Kaseya Releases Advisory on How to Mitigate Unpatched Zero-Day on ‘Unitrends’ Client
- Kaseya warns its clients of three zero-days, two on the server and one on the client-side.
- The latter requires mitigations through firewall rules, as there is no patch to address it out yet.
- The three flaws are generally more difficult to exploit than the ones that REvil used to compromise the VSA.
Kaseya has released a report to warn about the need to patch two zero-day vulnerabilities that have the potential to lead to authenticated remote code execution and a privilege escalation from read-only user to admin on the server. The flaws affect the ‘Unitrends’ product, which is Kaseya’s cloud-based enterprise backup and disaster recovery technology, also deployed as an add-on to the VSA, the remote management platform through which REvil launched a widespread ransomware attack in July 2021.

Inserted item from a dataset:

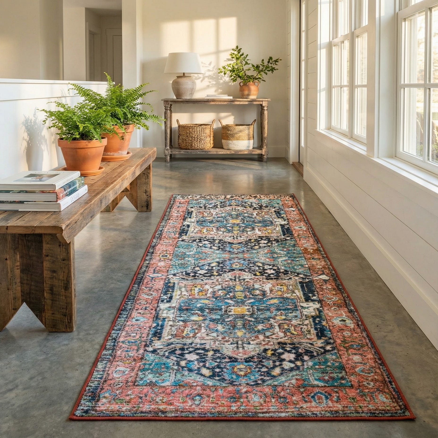 Machine-made from polyester, the surface has a low, soft pile that feels smooth underfoot and shows the color variations with a gentle sheen. It works well in a range of interiors — pair it with warm wood floors and neutral seating for a classic transitional look, layer it in an eclectic or bohemian hallway with mixed textures and brass accents, or use it to add color and pattern to a kitchen or narrow foyer. The runner’s mix of warm and cool tones makes it easy to coordinate with navy upholstery, light linens, or painted cabinetry.

The details about the third flaw remain undisclosed for now, and there is no patch to address the problem. Since it's a client-side issue, users need to mitigate it themselves. Kaseya has posted a detailed article on how to set up your firewall securely and mitigate the risks, with the most underlined advice being never to expose the appliance Web UI or SSH connections to open external ports. For more details, check out this backup agent firewall rules guide which has been updated with info on how to address the unpatched problem.
Apart from publishing the advisory, Kaseya has also reached out to Unitrends customers with detailed instructions on how to patch their servers and how to apply client-side mitigations, so if you’re running version 10.5.5 or earlier, pay attention to the advisory and take the proper securing action. For the client, all versions are vulnerable, but it is believed that the number of vulnerable instances is small.
The Dutch Institute for Vulnerability Disclosure (DIVD) discovered the two fixed flaws back in July, and Kaseya released the fix on August 12, 2021. All in all, this disclosure comes almost two months after Kaseya suffered the attack and one month after they got a master decryption key from Sodinokibi. It is important to clarify that these flaws are unrelated to that incident, as the ransomware gang used a different set of flaws to compromise the VSA. Finally, these three flaws are not as trivial to exploit as the VSA zero-days were.